## THE TASK
When you repeat the listing below, keep every word exactly and leave out each picture.

## INFORMATION SHOWN
════════════════
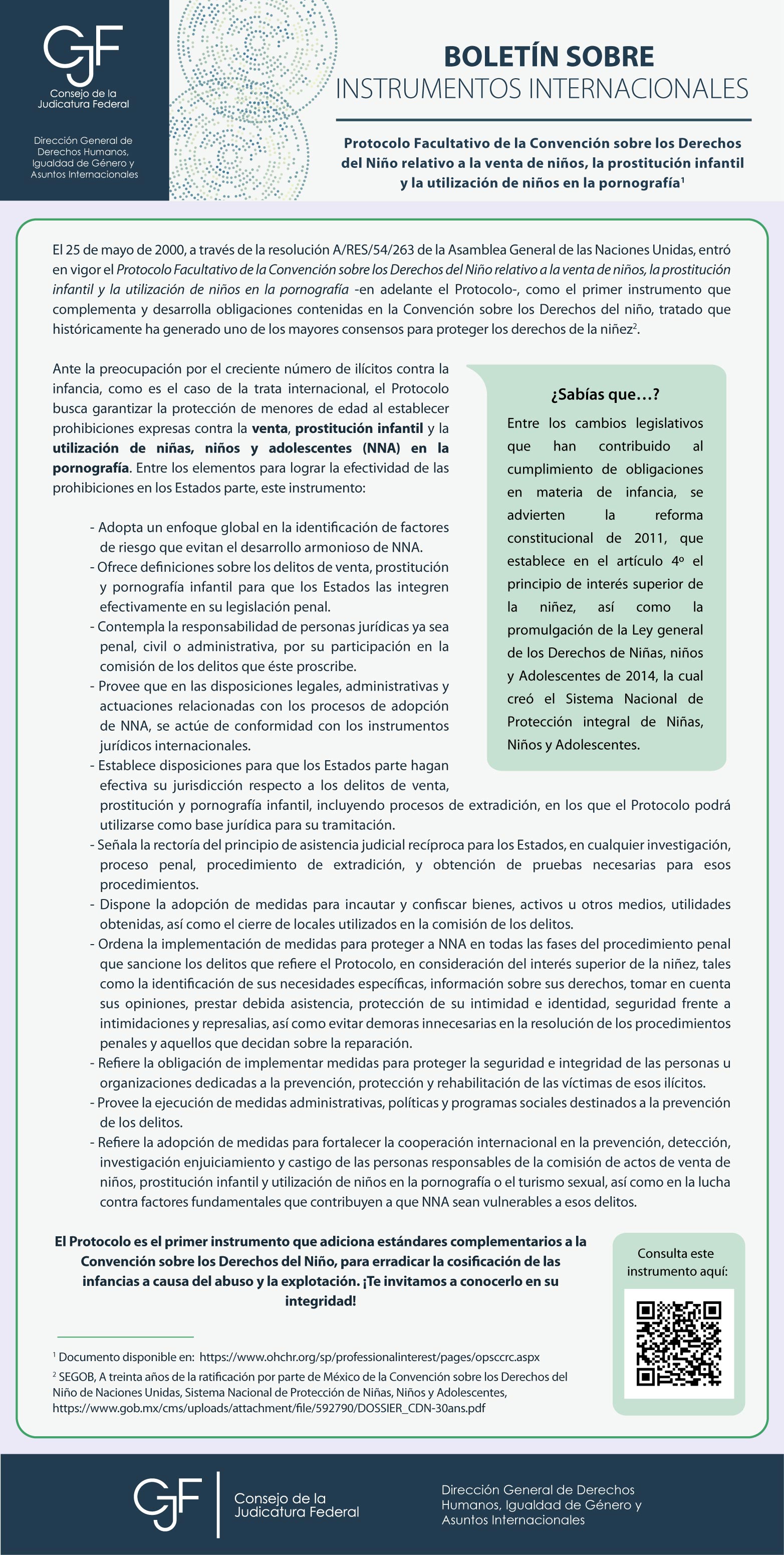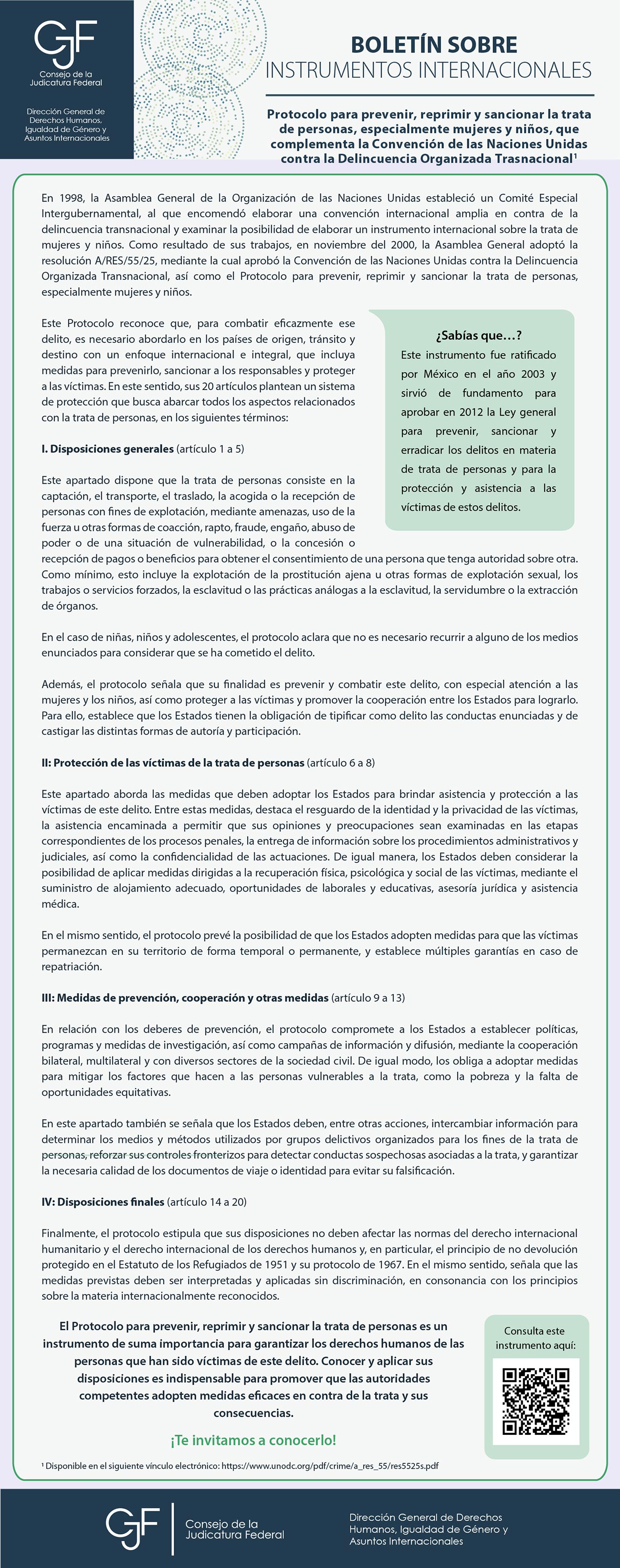 - Protocolo para prevenir, reprimir y sancionar la trata de personas, especialmente mujeres y niños, que complementa la Convención de las Naciones Unidas contra la Delincuencia Organizada Trasnacional
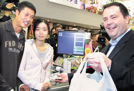 移民部長康尼27日探訪陳旺時,曾參觀過他們一家于超市樓上的睡房,也在超市內購買了飲料及其它物品。
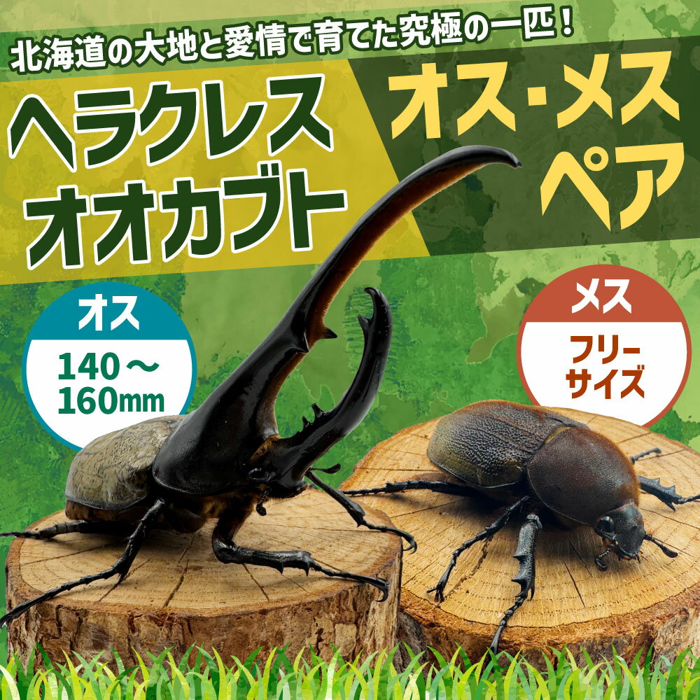 - 【ふるさと納税】【指定日必須】ヘラクレスオオカブト オス・メスペア(オスサイズ:大140~160mm、メスサイズ:フリーサイズ) 各1匹 カブトムシ かぶとむし 昆虫 成虫 むし 生き物 生体 飼育 子供 プレゼント 北海道 深川市 送料無料 【2026年3月上旬~12月下旬発送予定】
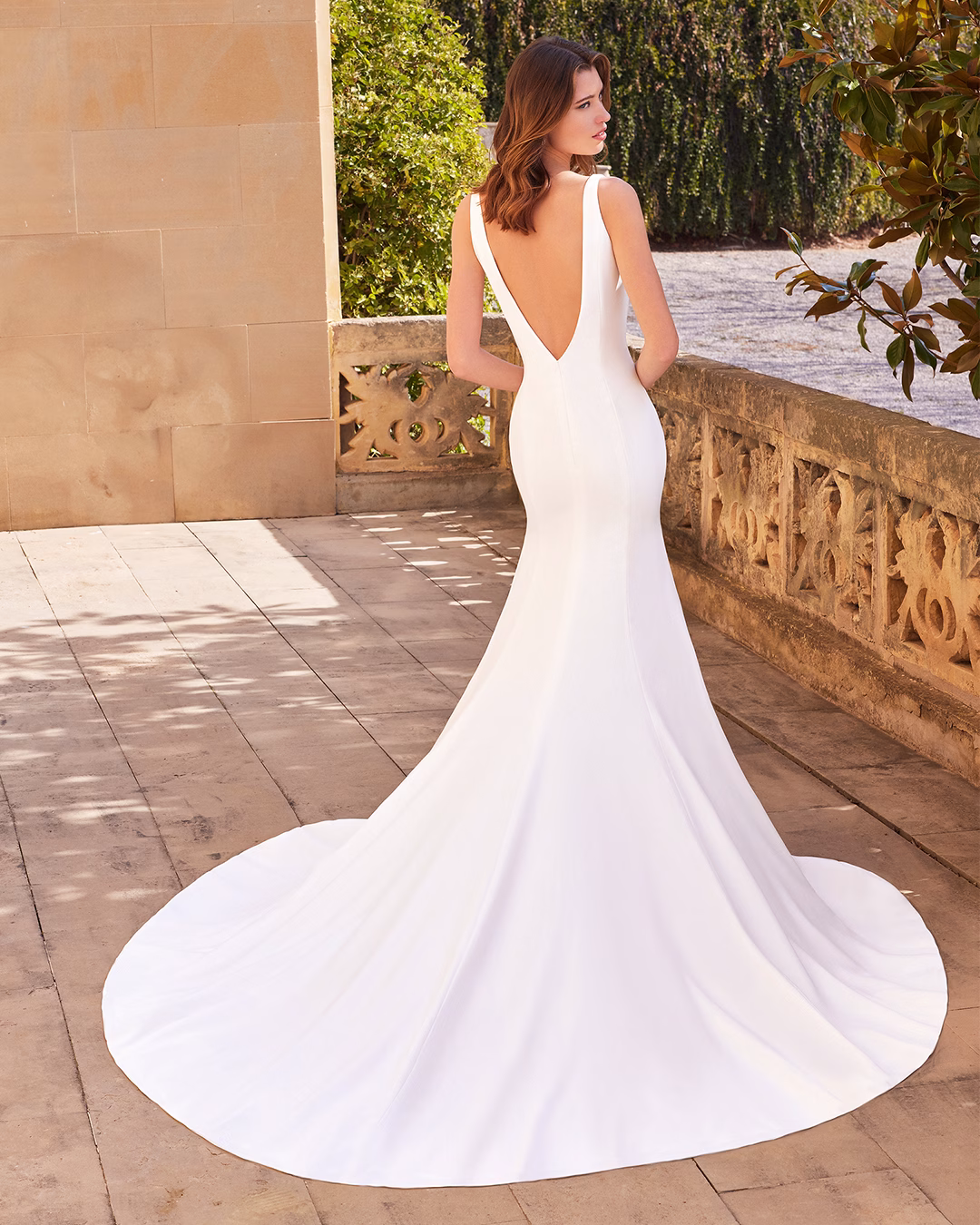 Vestido ajustado y acampanado de crepé con escote en V profundo y espalda en V. Este diseño elegante resalta la figura, ofreciendo un toque de sensualidad y sofisticación. Está completamente forrado con jersey para mayor comodidad y cuenta con una cola de largo capilla que añade un acabado dramático, ideal para una novia que desea un look moderno y elegante en su gran día.
════════════════
## RESULT
 - Protocolo para prevenir, reprimir y sancionar la trata de personas, especialmente mujeres y niños, que complementa la Convención de las Naciones Unidas contra la Delincuencia Organizada Trasnacional
 移民部長康尼27日探訪陳旺時,曾參觀過他們一家于超市樓上的睡房,也在超市內購買了飲料及其它物品。
 - 【ふるさと納税】【指定日必須】ヘラクレスオオカブト オス・メスペア(オスサイズ:大140~160mm、メスサイズ:フリーサイズ) 各1匹 カブトムシ かぶとむし 昆虫 成虫 むし 生き物 生体 飼育 子供 プレゼント 北海道 深川市 送料無料 【2026年3月上旬~12月下旬発送予定】
 Vestido ajustado y acampanado de crepé con escote en V profundo y espalda en V. Este diseño elegante resalta la figura, ofreciendo un toque de sensualidad y sofisticación. Está completamente forrado con jersey para mayor comodidad y cuenta con una cola de largo capilla que añade un acabado dramático, ideal para una novia que desea un look moderno y elegante en su gran día.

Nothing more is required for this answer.